Rev. Dr Olav Fykse Tveit

“Kristus er oppstanden! Ja, han er sannelig oppstanden!”
Christ is Risen! He is Risen Indeed!


It is with a particular joy that I offer greetings and my best wishes for a blessed Easter. This year Christians throughout the world celebrate together on the same date the resurrection of Christ, who came and stood among his disciples and said “Peace be with you!” (John 20:19). 


This year our calendars allow us to have an ecumenical celebration by all Christians – Western, Eastern and Oriental – as we rejoice in unity and celebrate the eternal life that is granted to us in Him.


A month after Easter, on 22 May 2011, Christian churches around the world are invited to celebrate a World Sunday for Peace.  At this time we will unite in prayer, song and spirit in the hope of just peace with those who are gathered at the International Ecumenical Peace Convocation (IEPC) in Kingston, Jamaica.


The World Sunday for Peace will be a 24-hour-long worldwide peace celebration. The proposed text for the day is Ephesians 2.

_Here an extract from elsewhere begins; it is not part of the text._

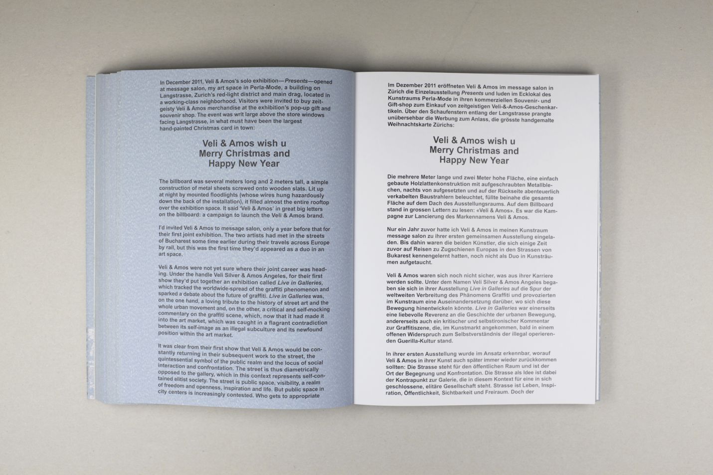 Veli Silver (born 1983 in Banja Luka) studied art in Ljubljana, Porto and Zurich. Amos Angeles (born 1986 in Zurich) studied architecture and art in Zurich. The duo have been working together since 2008.

Christ is our peace (Eph. 2:14), makes peace among us, and creates one new humanity. Reconciled and healed in Christ, we are no longer strangers and aliens but “members of the household of God” (Eph. 2:19).


The IEPC is a historic moment in the journey of the ecumenical movement.  It will be an occasion for sharing and learning, reflecting and assessing, grieving and rejoicing, singing and praying together, planting the seeds for future collective and strengthened peace work. It will be an opportunity for peacemakers from different contexts, denominations and confessions to come together and exchange insights and wisdom on how best to overcome violence and seek peace with justice.


Peace is a living creature.  It has to be nurtured, intentionally cared for and multiplied. Violence is an insidious mutation.  Ridding ourselves of violence takes good will, commitment and hard work.


Peace is more than the absence of war.  It is the absence of any kind of violence, too.  Violence can have many faces.  It can be direct, or structural, against one’s self or targeted toward another, in homes, on the street, within and among communities and regions, as well as in the international arena. The IEPC will address these various aspects of violence in the contexts of four major themes:

  • Peace in the Community,
  • Peace with the Earth,
  • Peace in the Marketplace, and
  • Peace among the Peoples.

It goes without saying that all these various themes are inter-related, and nurture one another.


Peace and justice are inseparable. Peace without justice can open doors to anger, discontent, frustration, bitterness and, in the short- or long-term, to violence. Peace with justice can foster healing and reconciliation, bringing a sense of fairness. Justice restores dignity. Hence, justice is intrinsic to peace as it ensures stability.


The IEPC will also be an opportunity to set the agenda for the peace work of the World Council of Churches in the time leading to the WCC 10th Assembly at Busan, Korea in 2013. The theme of the assembly is: “God of life, lead us to justice and peace.”


The peacemakers present at the convocation can be a think tank for future peace work. They will help identify the burning issues in need of special attention and immediate response.


I therefore take the opportunity of this last issue of Bits and Peaces to invite you to support the IEPC from your respective contexts through prayer, and also to join the convocation by participating in the various web activities that will give you the opportunity to contribute in real time. Let us all be united in hearts and minds with our friends attending the IEPC. Let us pray that Christ will give us peace and inspire us all to be peacemakers!


Rev. Dr Olav Fykse Tveit

General secretary
World Council of Churches


The last Living Letters visit, organized as part of the process leading to the IEPC event, took place from 1 to 5 December 2010 in the Philippines. On the agenda were encounters with victims of human right violations and their relatives, as well as visits to Hacienda Luisita where farmers have been struggling for land rights for the past fifty years. The delegation adopted a report that can be downloaded here

For more information about all the Living Letters visits that have taken place so far, please visit our website


Seven Weeks for Water 2011, Ecumenical Water Network (EWN)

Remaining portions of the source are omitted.